The current mainstream monetization models of F2P games, such as the micro-transaction model, are increasingly highlighting serious drawbacks.

This model is subject to the psychological effect of mental accounting. The economic downturn has changed consumer behaviour, in which the budget allocation for satisfying hedonic needs has been significantly reduced, and this phenomenon will continue until the economy recovers. 


One manifestation of this is a inclination of players to spend offline, amplifying the sense of gain and happiness through the acquisition of physical goods and services that can achieve immediate utility.

 

It’s unfortunate for the gaming industry. 

 

The popular art toy business can do nothing about it, partly because of the significant discrepancy between virtual skin and the real physical item, and partly due to the gambling nature of the mystery toy box.  In addition, it is difficult for art toy business to create economies of scale since the diversity of preferences leads to intense competition. 

 

Moreover, another serious drawback of micro-transaction is that it tend to evoke impulsivity which lead to undesirable consequences including emotional distress. In fact seeking pleasure requires a certain degree of impulsivity. Thinking carefully about everything before making a decision means cognitive and emotional overload, which is one of the causes of annihilation of pleasure. 

 

However, there is no denying the fact that micro-transaction model is increasingly fraught with disadvantages, especially in terms of promoting harmful gambling behaviours.

 

One of the consequences of impulsive purchase is that players attempt to eliminate the negative consequence of their behaviour, and in turn trace the decision-making process and discover their irrationality, thus making prudent considerations for subsequent decisions. What seems extreme for developers is players asking for a refund after making an in-game purchase. In contrast, this is an effective way for players being consumers to reverse the undesirable outcomes. Arguably, it is a very unfavourable situation for the game developers and operators. 

 

Our ability to survive and evolve is important because we are constantly reflecting on and correcting our mistakes. This phenomenon is described in psychological terms as decision/outcome reversibility and the functional aspects of counterfactual reasoning. This is an important part of functioning as a human being and a process of learning.

 

Please note that the pursuit of reversibility is not limited to the outcome of the decision itself; in some contexts, what is more important to the player is the repair of emotions. In psychological terms, this means affect regulation.

 

This implies that players pay less frequently or even disengage from the game. Instead of making in-game purchase, players make small purchases offline to fulfill hedonic needs. The limited budget translates into actual payment, and flows to other forms of entertainment, such as films and short-term peripatetic trips. This is typical of compensatory behaviour, through which the player tries to provide justification for decisions to satisfy hedonic needs.

 

Obviously, in addition to the impact of short-form videos, the mental accounting effect contributes to a loss of gaming revenue. (The "good" news is that consumers are also moving away from the live-stream ecommerce.) 

 

Mental accounting is a bias because total assets should be treated fungible. This does not mean that it is rational not to be influenced by mental accounting. From a functional perspective, this bias of mental accounting contributes to some extent to one's ability to plan, which is helpful in making optimal decisions.

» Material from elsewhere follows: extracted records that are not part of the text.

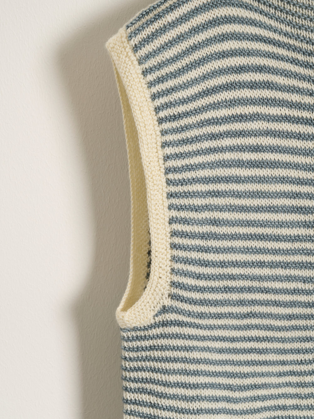 Västen är stickad nerifrån och upp i ett randigt mönster som skapar en 3D-effekt. Västen stickas i ett slätstickningsmönster som bryts av ett avigt varv, vilket ger den vackra effekten. Den randiga effekten framträder tydligast när västen stickas i kontrastfärger.
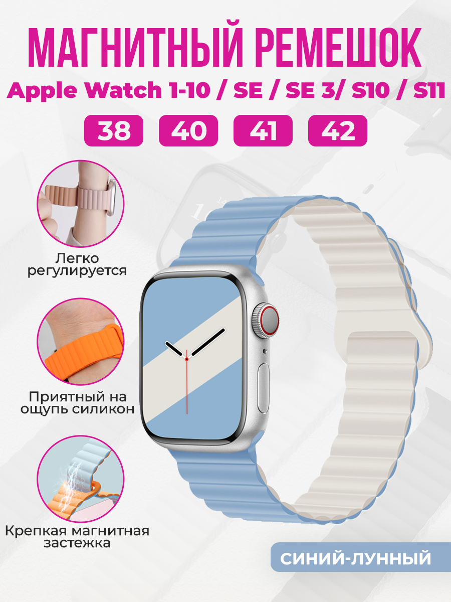 Магнитный силиконовый ремешок для Apple Watch 1-9 / SE / SE 3 (38/40/41 мм), 11, S10/S11, 42 мм, синий-лунный
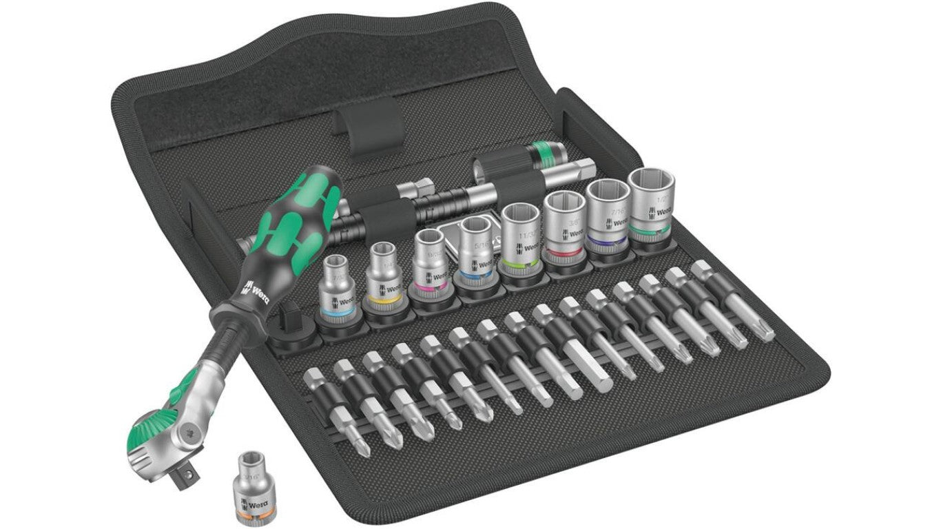 Incredibly compact set arrangement with many tools in a minimum of space. A completely new ratchet set feeling thanks to the unique textile boxes that are very robust and durable. They can be positioned upright for tidy storage on the workshop shelf. Additional surface protection due to textile outer material. Low weight and volume for simpler mobility. "Take it easy" Tool Finder with colour coding according to sizes.
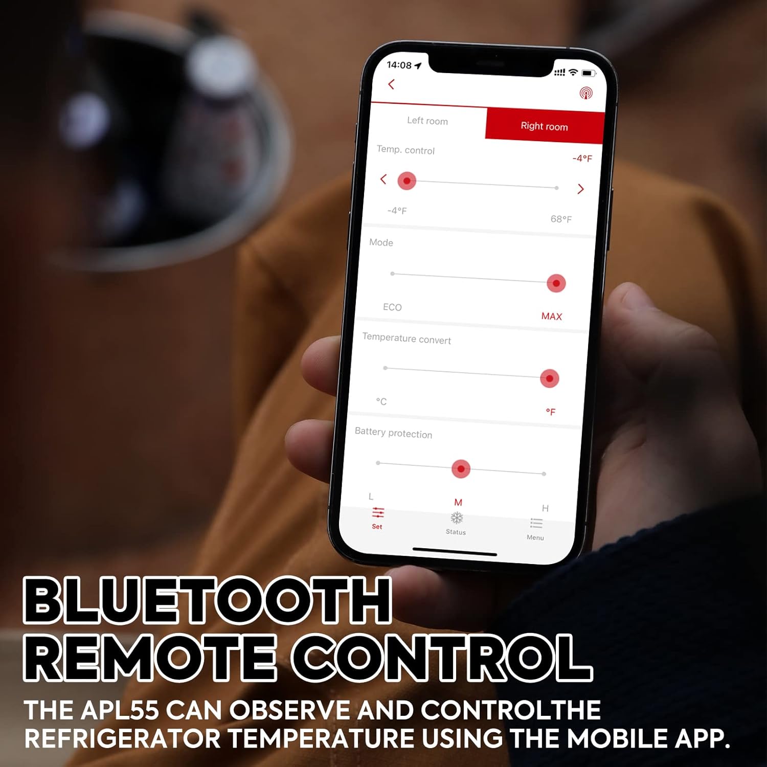 - Advanced Technology - APL55 12v refrigerator can be temperature controlled via mobile app. The refrigerator alarm ring when the lid is left open or an error code occurs.

Absolute rationality does not exist. Not even in probability arithmetic. In fact, we are all inferior at probability arithmetic. 

 

When there are 10 apples on the tree, we can count them. We can also cope when faced with 50 apples. When there are 100 apples on the tree, three people will have at least three different answers. 80, 100 or 110, it's all the same.   

 

In this scenario our brains enable shortcuts and we initiate simple mental simulations. 10 for apple pies, 20 for friends, and 30 for juicing in a glass jar, and the rest... ...  Our lives become easier when we allocate resources and money in a way we think is effective through mental accounting. At least we create this illusion of control. 

 

Mental accounting matters.  Mental accounting makes our resource allocation seem reasonable but it is still a bias that gives us the illusion that things are under control. 

 

Micro-transaction which is subject to mental accounting have made the F2P games, but its negative effects should not be underestimated.  

 

Micro-transaction just goes nowhere. But game developers can't just sit back and do nothing about it. 

 

Based on the serious drawbacks of the current mainstream monetization model, the design of the revenue model in the Web 3.0 era is particularly important. In addition to technology, there is also the problem of ethical and regulatory issues. Thus, revenue realization and maintaining the sustainability of the revenue model is the second concern.

 

 

3. Preference Construction

 

Research on player preferences is indispensable, no matter the era. Because preferences determine choices and affect decision-making. 

 

Human preferences are revealed and learned, but they are also constructed. 

 

Apple is a leader in this area. Talk to Apple users and you'll realize that the vast majority of them don't know exactly what they want! Apple users' explanations of their preferences overwhelmingly repeat what Apple has instilled in its users and the inferences that have been drawn based on that content. Anchoring smashes so deep.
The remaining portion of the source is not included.